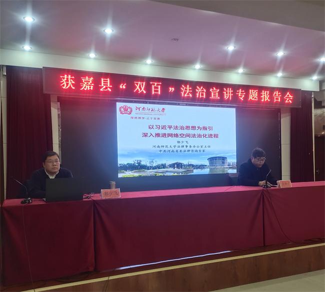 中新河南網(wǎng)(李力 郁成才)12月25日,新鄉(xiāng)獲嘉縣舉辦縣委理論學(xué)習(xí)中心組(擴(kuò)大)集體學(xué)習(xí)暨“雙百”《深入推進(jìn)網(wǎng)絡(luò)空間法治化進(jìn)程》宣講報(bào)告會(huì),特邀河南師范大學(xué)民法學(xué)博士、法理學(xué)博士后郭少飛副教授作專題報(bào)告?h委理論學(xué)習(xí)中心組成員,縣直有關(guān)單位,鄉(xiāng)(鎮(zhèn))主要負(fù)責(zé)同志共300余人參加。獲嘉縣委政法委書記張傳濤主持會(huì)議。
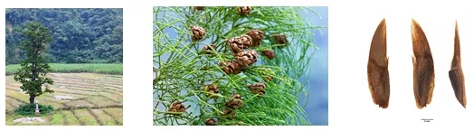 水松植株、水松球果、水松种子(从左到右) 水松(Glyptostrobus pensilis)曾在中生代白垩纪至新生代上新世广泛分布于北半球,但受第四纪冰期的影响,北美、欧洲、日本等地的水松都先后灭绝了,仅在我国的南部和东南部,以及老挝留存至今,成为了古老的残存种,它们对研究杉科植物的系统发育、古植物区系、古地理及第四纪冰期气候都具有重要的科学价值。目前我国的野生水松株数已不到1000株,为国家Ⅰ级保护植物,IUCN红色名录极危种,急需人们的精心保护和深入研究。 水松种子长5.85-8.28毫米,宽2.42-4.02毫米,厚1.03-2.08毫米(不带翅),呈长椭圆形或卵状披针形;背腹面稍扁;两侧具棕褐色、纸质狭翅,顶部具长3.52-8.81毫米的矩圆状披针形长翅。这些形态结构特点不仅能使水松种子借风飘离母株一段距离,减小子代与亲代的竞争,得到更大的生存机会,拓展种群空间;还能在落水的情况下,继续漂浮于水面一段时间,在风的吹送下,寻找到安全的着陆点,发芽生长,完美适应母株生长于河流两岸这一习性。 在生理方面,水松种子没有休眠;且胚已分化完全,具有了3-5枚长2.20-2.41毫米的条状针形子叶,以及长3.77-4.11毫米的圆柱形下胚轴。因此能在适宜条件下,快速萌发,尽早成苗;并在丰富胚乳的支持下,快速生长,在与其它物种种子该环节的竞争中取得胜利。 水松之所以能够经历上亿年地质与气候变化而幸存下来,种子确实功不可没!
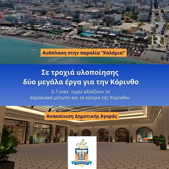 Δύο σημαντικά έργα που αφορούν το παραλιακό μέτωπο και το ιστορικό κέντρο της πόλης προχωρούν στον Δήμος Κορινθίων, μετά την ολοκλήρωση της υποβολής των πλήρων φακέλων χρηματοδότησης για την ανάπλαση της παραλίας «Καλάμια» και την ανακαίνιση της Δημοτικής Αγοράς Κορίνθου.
--
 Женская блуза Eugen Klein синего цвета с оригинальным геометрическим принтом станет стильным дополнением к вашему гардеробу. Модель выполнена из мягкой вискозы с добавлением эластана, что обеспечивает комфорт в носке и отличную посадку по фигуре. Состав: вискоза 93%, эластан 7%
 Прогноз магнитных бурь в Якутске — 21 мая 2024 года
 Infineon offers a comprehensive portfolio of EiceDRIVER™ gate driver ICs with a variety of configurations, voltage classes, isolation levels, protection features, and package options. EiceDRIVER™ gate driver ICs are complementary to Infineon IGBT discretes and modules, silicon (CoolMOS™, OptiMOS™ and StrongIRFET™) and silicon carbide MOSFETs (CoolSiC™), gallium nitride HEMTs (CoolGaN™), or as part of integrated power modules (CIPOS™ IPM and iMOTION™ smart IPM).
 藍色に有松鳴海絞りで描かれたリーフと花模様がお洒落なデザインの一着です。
==
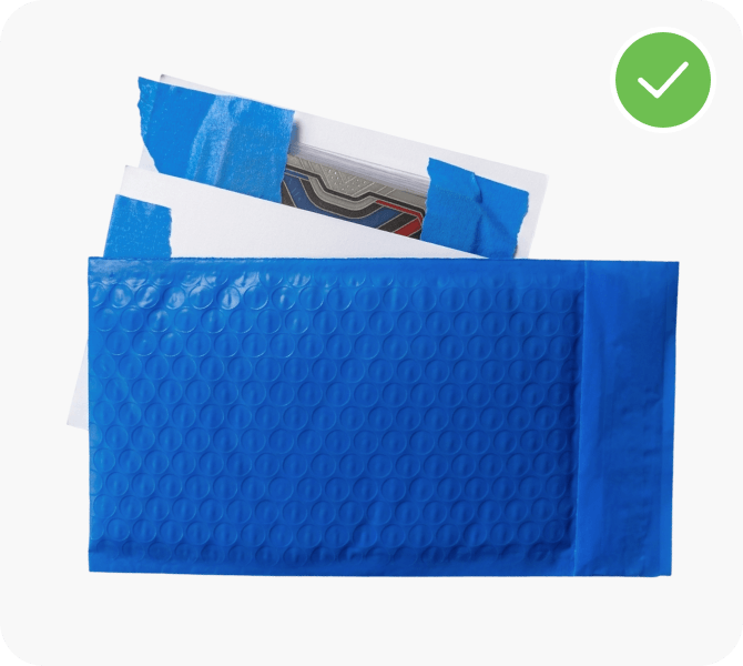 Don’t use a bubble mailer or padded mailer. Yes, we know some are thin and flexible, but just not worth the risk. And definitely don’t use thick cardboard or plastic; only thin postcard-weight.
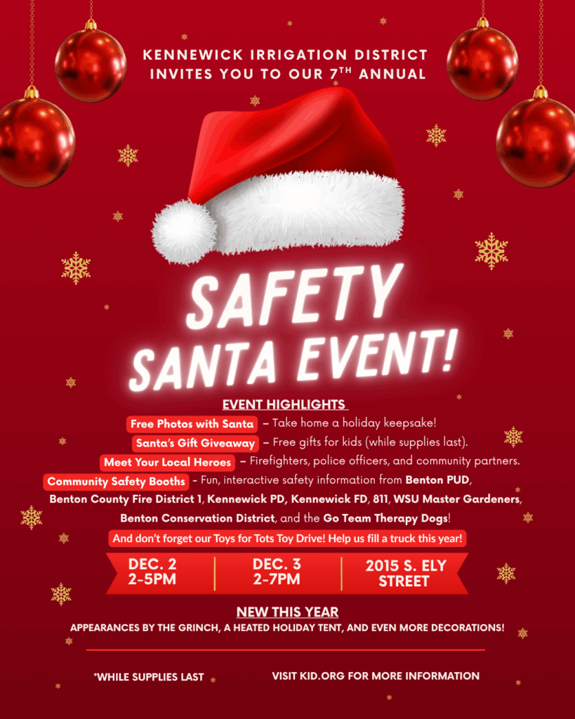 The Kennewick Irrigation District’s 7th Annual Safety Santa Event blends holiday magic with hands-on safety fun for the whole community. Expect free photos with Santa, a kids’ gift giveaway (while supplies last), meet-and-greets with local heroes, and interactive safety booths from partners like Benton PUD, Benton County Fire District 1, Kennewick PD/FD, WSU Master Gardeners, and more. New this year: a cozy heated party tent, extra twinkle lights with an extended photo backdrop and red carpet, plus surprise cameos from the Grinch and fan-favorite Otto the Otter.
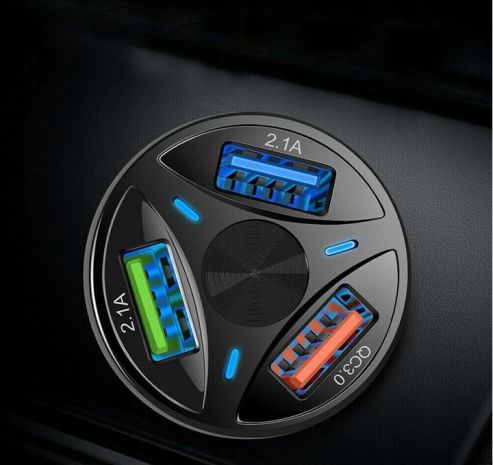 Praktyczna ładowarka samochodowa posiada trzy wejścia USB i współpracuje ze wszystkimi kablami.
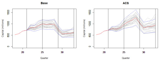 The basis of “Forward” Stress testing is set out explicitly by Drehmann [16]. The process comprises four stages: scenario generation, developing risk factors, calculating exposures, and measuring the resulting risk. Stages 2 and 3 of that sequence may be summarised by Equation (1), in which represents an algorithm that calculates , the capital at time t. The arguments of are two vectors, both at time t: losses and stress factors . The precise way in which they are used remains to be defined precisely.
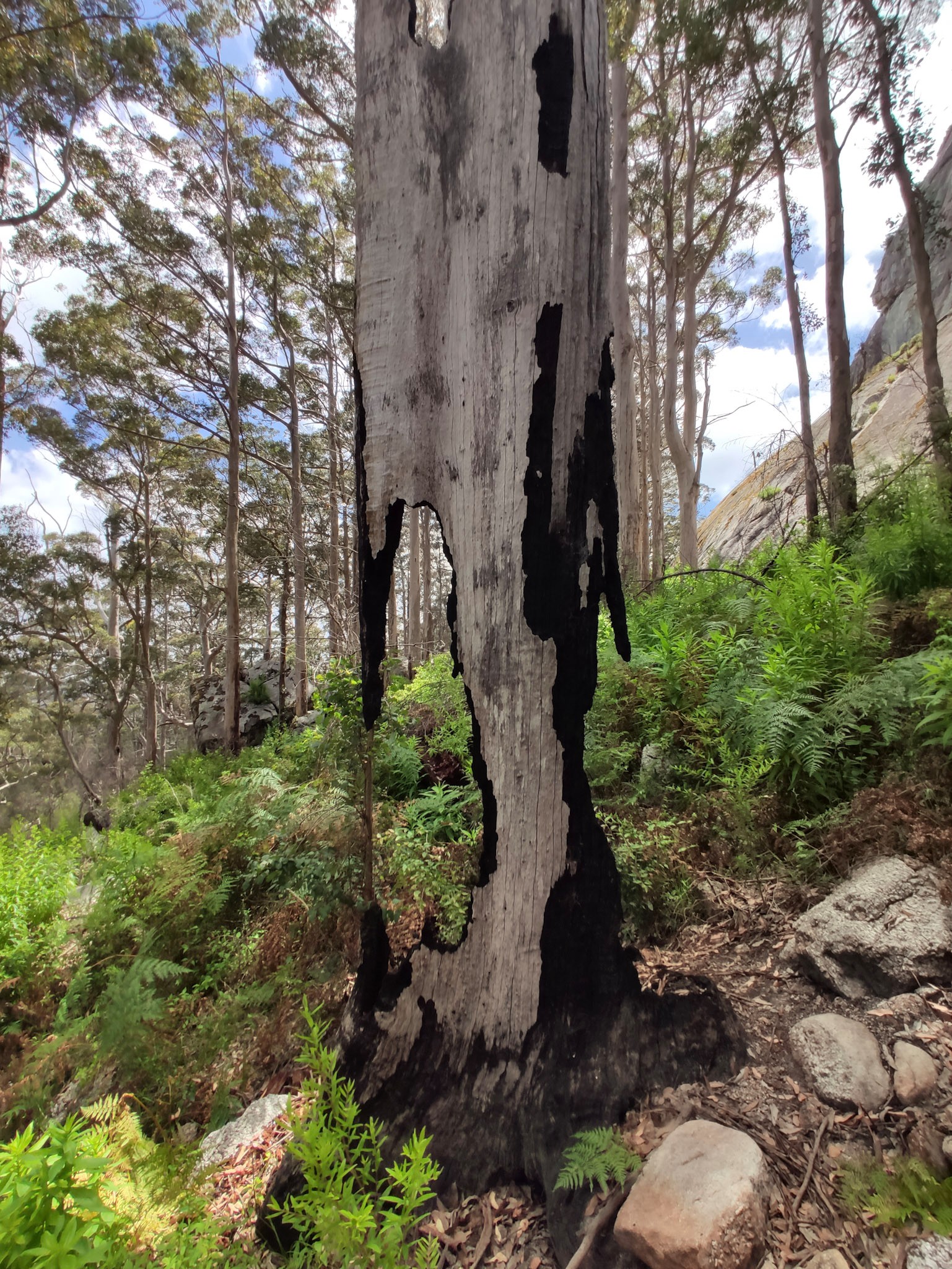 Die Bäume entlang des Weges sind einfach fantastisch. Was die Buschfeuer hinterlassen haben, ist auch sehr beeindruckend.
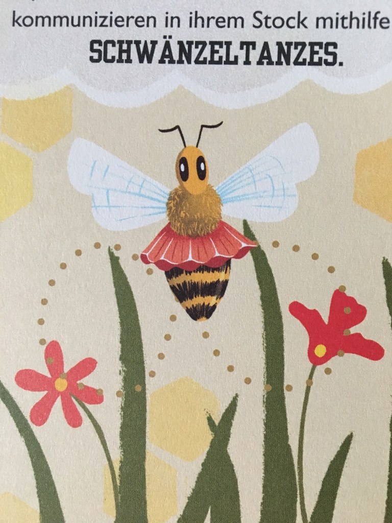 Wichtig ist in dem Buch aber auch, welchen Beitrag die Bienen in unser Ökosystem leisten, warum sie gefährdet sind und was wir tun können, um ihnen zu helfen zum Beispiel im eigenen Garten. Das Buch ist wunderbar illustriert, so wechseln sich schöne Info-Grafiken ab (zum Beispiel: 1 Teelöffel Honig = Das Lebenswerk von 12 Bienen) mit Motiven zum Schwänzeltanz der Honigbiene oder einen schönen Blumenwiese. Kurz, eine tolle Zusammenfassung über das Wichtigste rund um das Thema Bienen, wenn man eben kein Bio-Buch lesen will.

## Exercise objective
Print exactly the lines above that run from the one with "Don’t use a" down to the one with "Die Bäume entlang", and omit the pictures.

## Solution
 Don’t use a bubble mailer or padded mailer. Yes, we know some are thin and flexible, but just not worth the risk. And definitely don’t use thick cardboard or plastic; only thin postcard-weight.
 The Kennewick Irrigation District’s 7th Annual Safety Santa Event blends holiday magic with hands-on safety fun for the whole community. Expect free photos with Santa, a kids’ gift giveaway (while supplies last), meet-and-greets with local heroes, and interactive safety booths from partners like Benton PUD, Benton County Fire District 1, Kennewick PD/FD, WSU Master Gardeners, and more. New this year: a cozy heated party tent, extra twinkle lights with an extended photo backdrop and red carpet, plus surprise cameos from the Grinch and fan-favorite Otto the Otter.
 Praktyczna ładowarka samochodowa posiada trzy wejścia USB i współpracuje ze wszystkimi kablami.
 The basis of “Forward” Stress testing is set out explicitly by Drehmann [16]. The process comprises four stages: scenario generation, developing risk factors, calculating exposures, and measuring the resulting risk. Stages 2 and 3 of that sequence may be summarised by Equation (1), in which represents an algorithm that calculates , the capital at time t. The arguments of are two vectors, both at time t: losses and stress factors . The precise way in which they are used remains to be defined precisely.
 Die Bäume entlang des Weges sind einfach fantastisch. Was die Buschfeuer hinterlassen haben, ist auch sehr beeindruckend.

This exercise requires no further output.